Dataset items:

┏━━

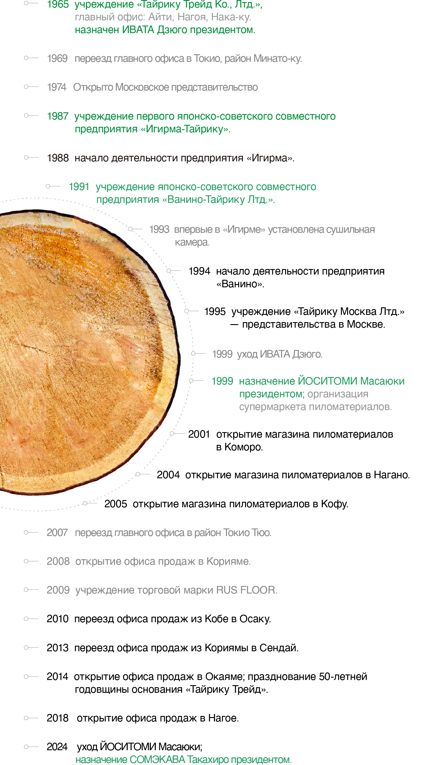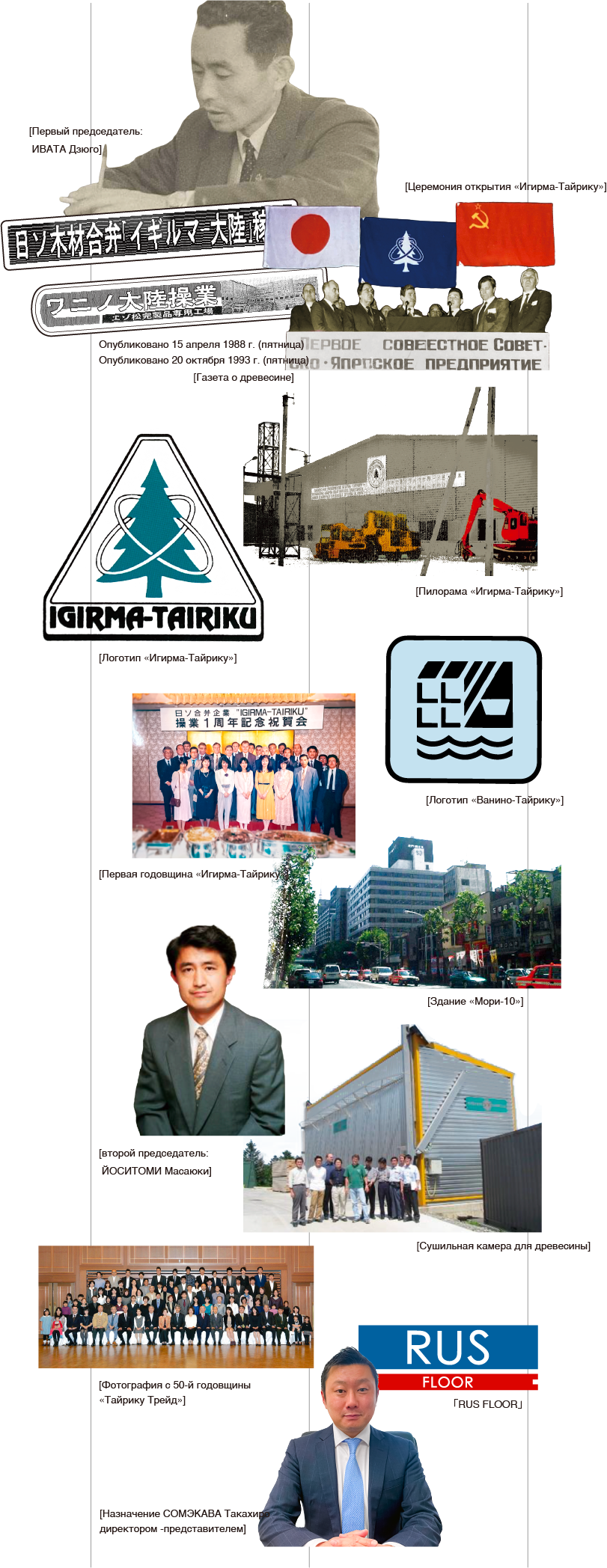 Основатель компании, ИВАТА Дзюго, когда-то был подневольным работником в Сибири и обратил внимание на высочайшее качество сибирской древесины. По возвращении в Японию он основал собственный бизнес, занявшись импортом лесоматериала из России. В 1974 году он открыл офис в Москве, а в 1987 основал первое для Японии совместно предприятие с Советским Союзом. С тех самых пор и вот уже больше полувека наше предприятие ведет торговлю с СССР и (после его распада) с Россией.
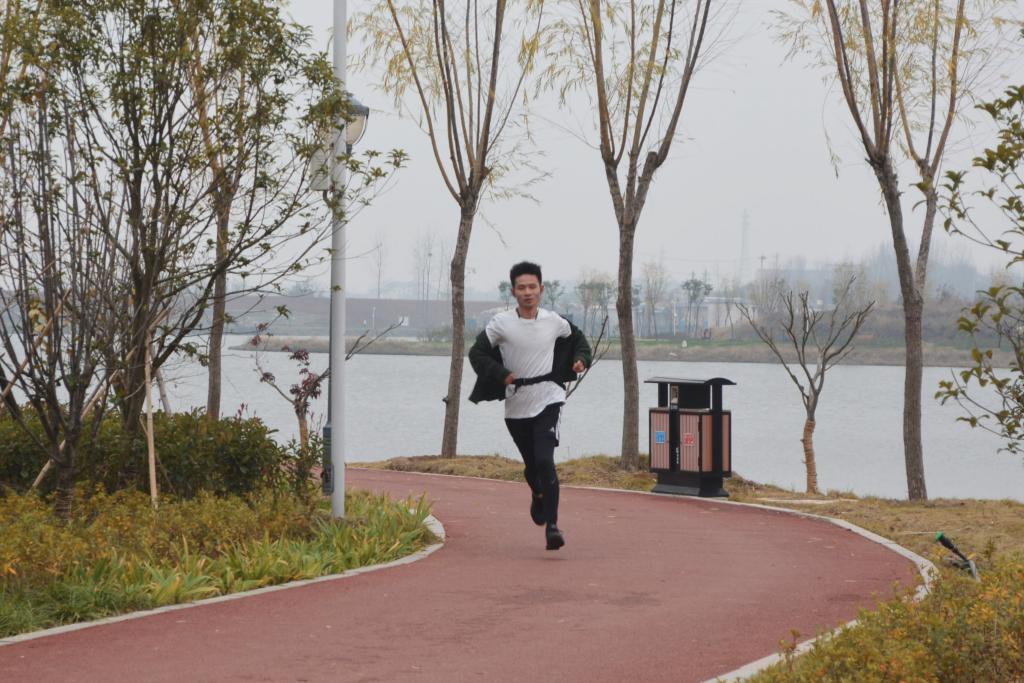 参加拉练活动的教职工于下午2:00在学院正门集合,在门口合照之后,全体教职工跟随院旗的指引经过侧门,向鄢家湖进发,拉练活动正式开始。此次绕湖拉练,在每一圈的终点处会有盖章点,盖满四个章的人才算完成此次拉练。在长跑期间,各教职工互相打气,相互鼓励,在侧门保安处还准备了红糖姜茶供结束拉练的教职工饮用。
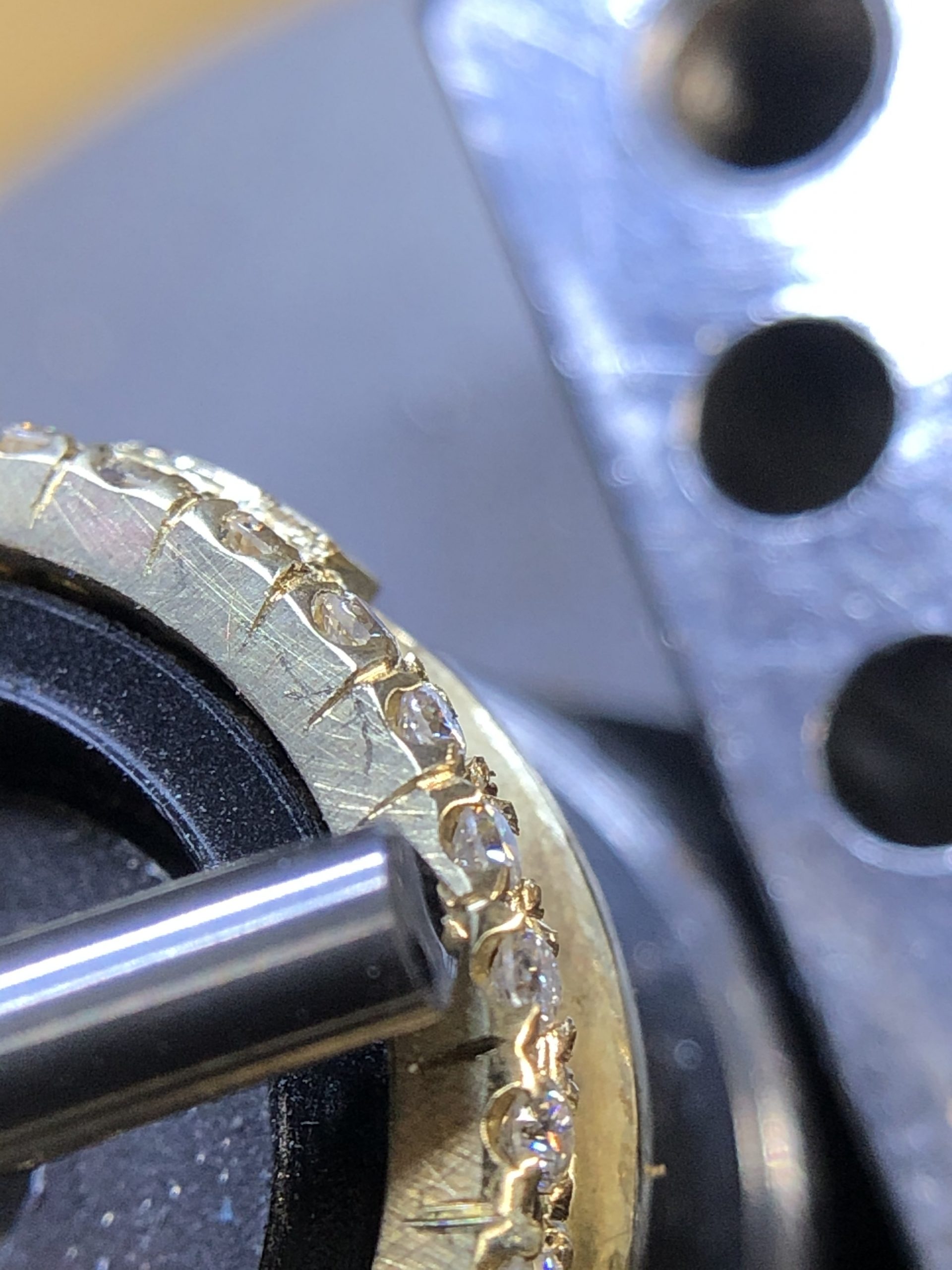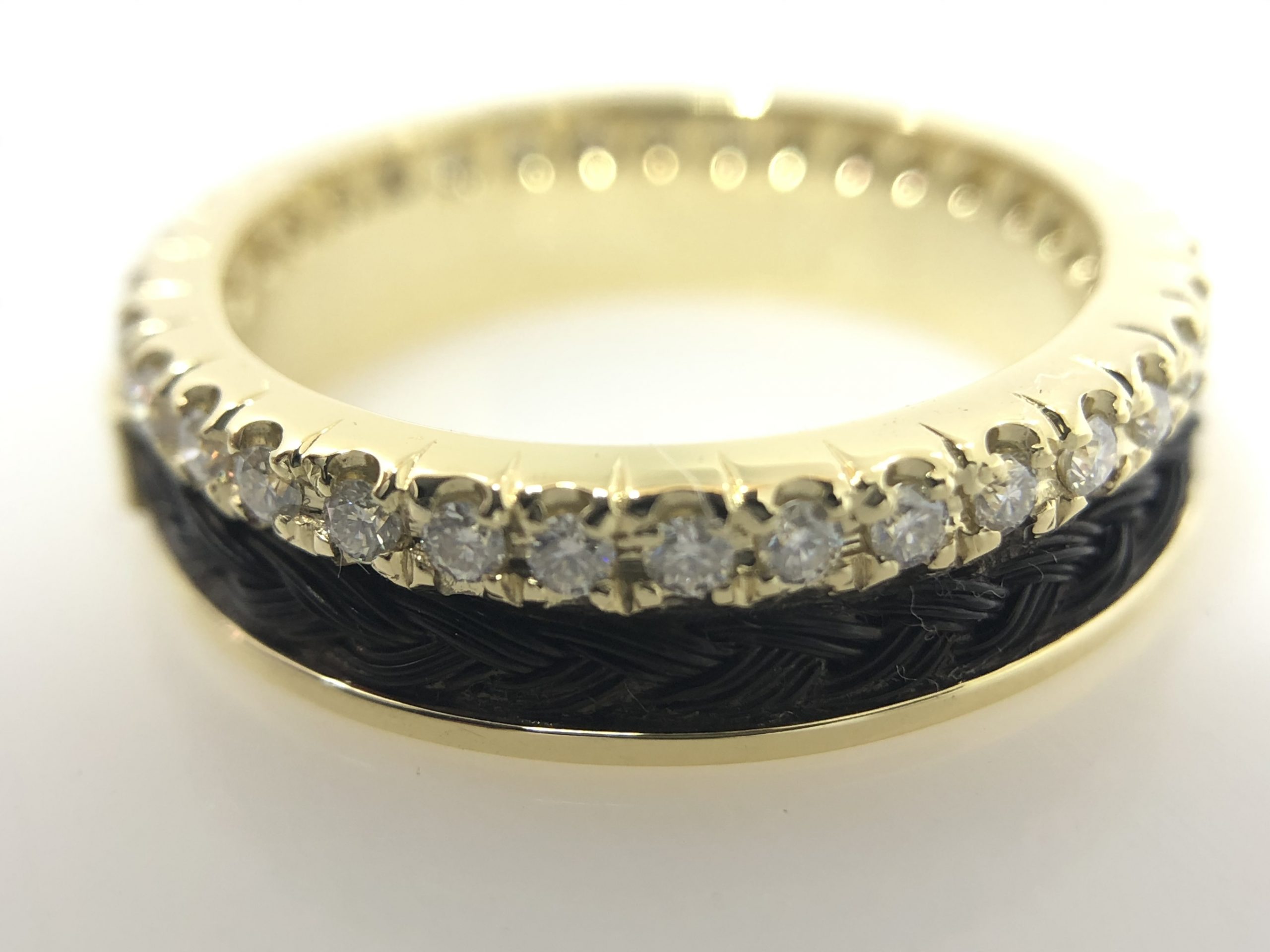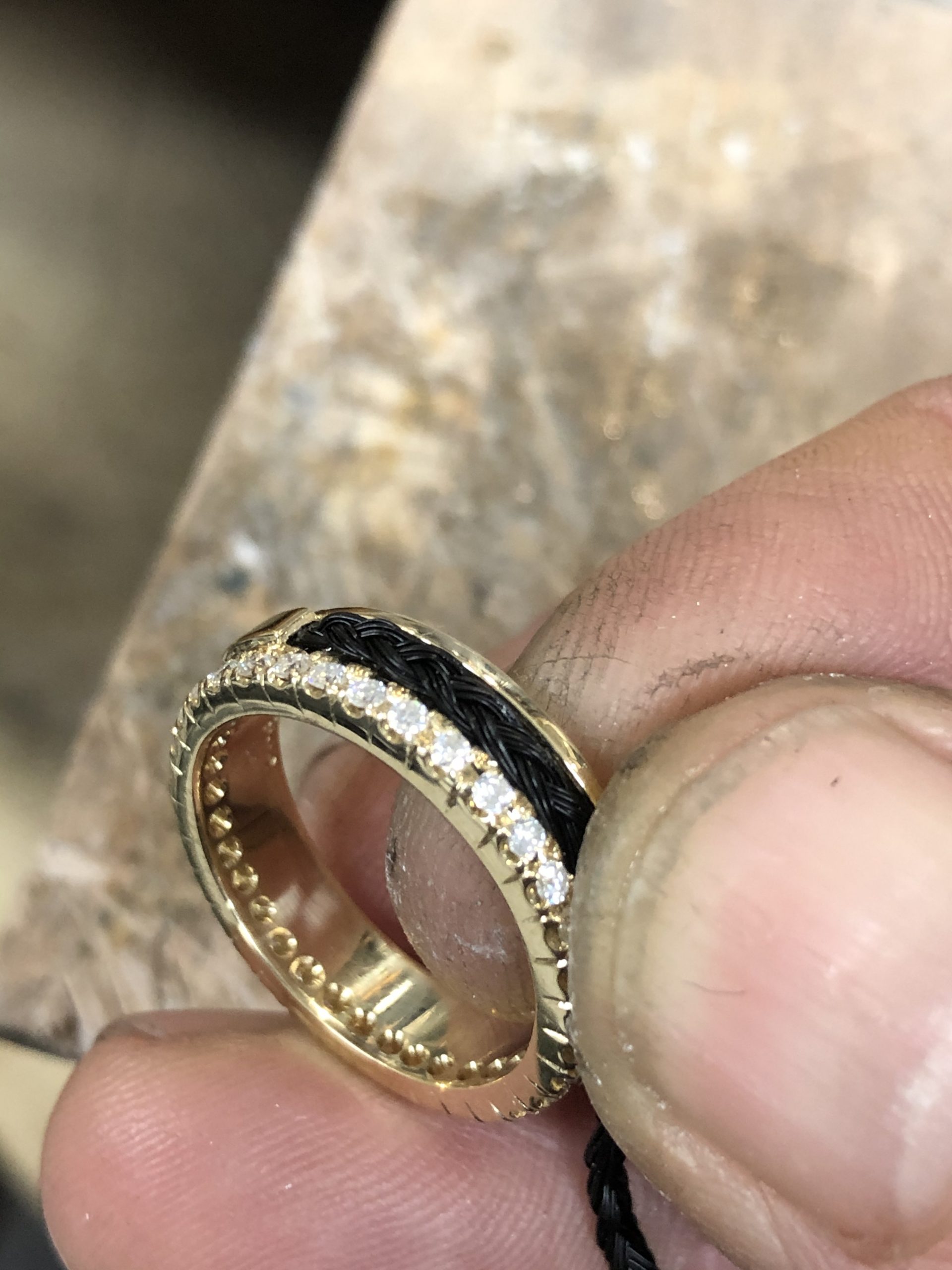 De ring wordt met de hand afgewerkt naar een glanzend eindresultaat en elk steentje wordt per stuk gezet in het goud.
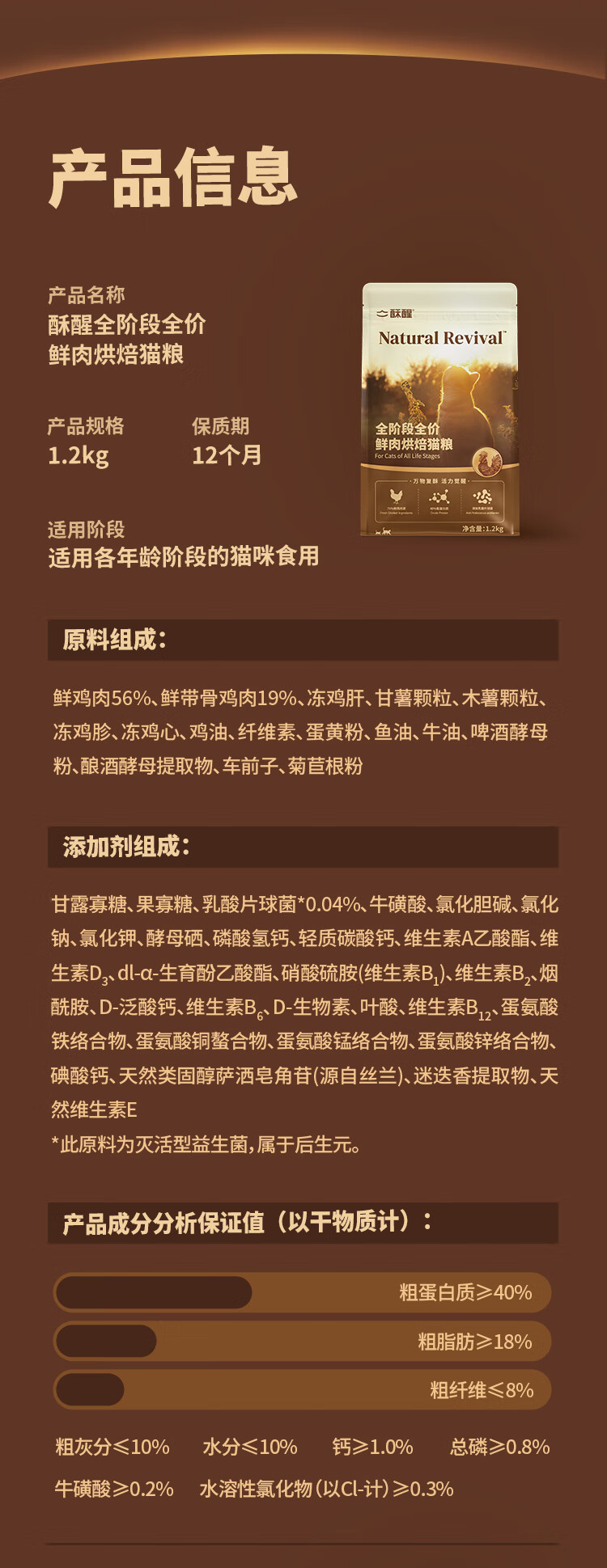 酥醒全阶段全价鲜肉猫干粮长肉美毛养胃护肠烘焙猫粮1.2kg*1包
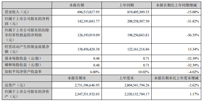 公司实现营业收入69651.38万元,较上年同期下降15%;实现归属于上市公司股东的净利润14219.1万元,较上年同期下降31.82%。顺酐酸酐衍生物营业收入49907.29万元,同比下降21.44%。

┗━━

Work task →
I need the entries printed exactly, with each picture left out.

Written response →
 Основатель компании, ИВАТА Дзюго, когда-то был подневольным работником в Сибири и обратил внимание на высочайшее качество сибирской древесины. По возвращении в Японию он основал собственный бизнес, занявшись импортом лесоматериала из России. В 1974 году он открыл офис в Москве, а в 1987 основал первое для Японии совместно предприятие с Советским Союзом. С тех самых пор и вот уже больше полувека наше предприятие ведет торговлю с СССР и (после его распада) с Россией.
 参加拉练活动的教职工于下午2:00在学院正门集合,在门口合照之后,全体教职工跟随院旗的指引经过侧门,向鄢家湖进发,拉练活动正式开始。此次绕湖拉练,在每一圈的终点处会有盖章点,盖满四个章的人才算完成此次拉练。在长跑期间,各教职工互相打气,相互鼓励,在侧门保安处还准备了红糖姜茶供结束拉练的教职工饮用。
 De ring wordt met de hand afgewerkt naar een glanzend eindresultaat en elk steentje wordt per stuk gezet in het goud.
 酥醒全阶段全价鲜肉猫干粮长肉美毛养胃护肠烘焙猫粮1.2kg*1包
 公司实现营业收入69651.38万元,较上年同期下降15%;实现归属于上市公司股东的净利润14219.1万元,较上年同期下降31.82%。顺酐酸酐衍生物营业收入49907.29万元,同比下降21.44%。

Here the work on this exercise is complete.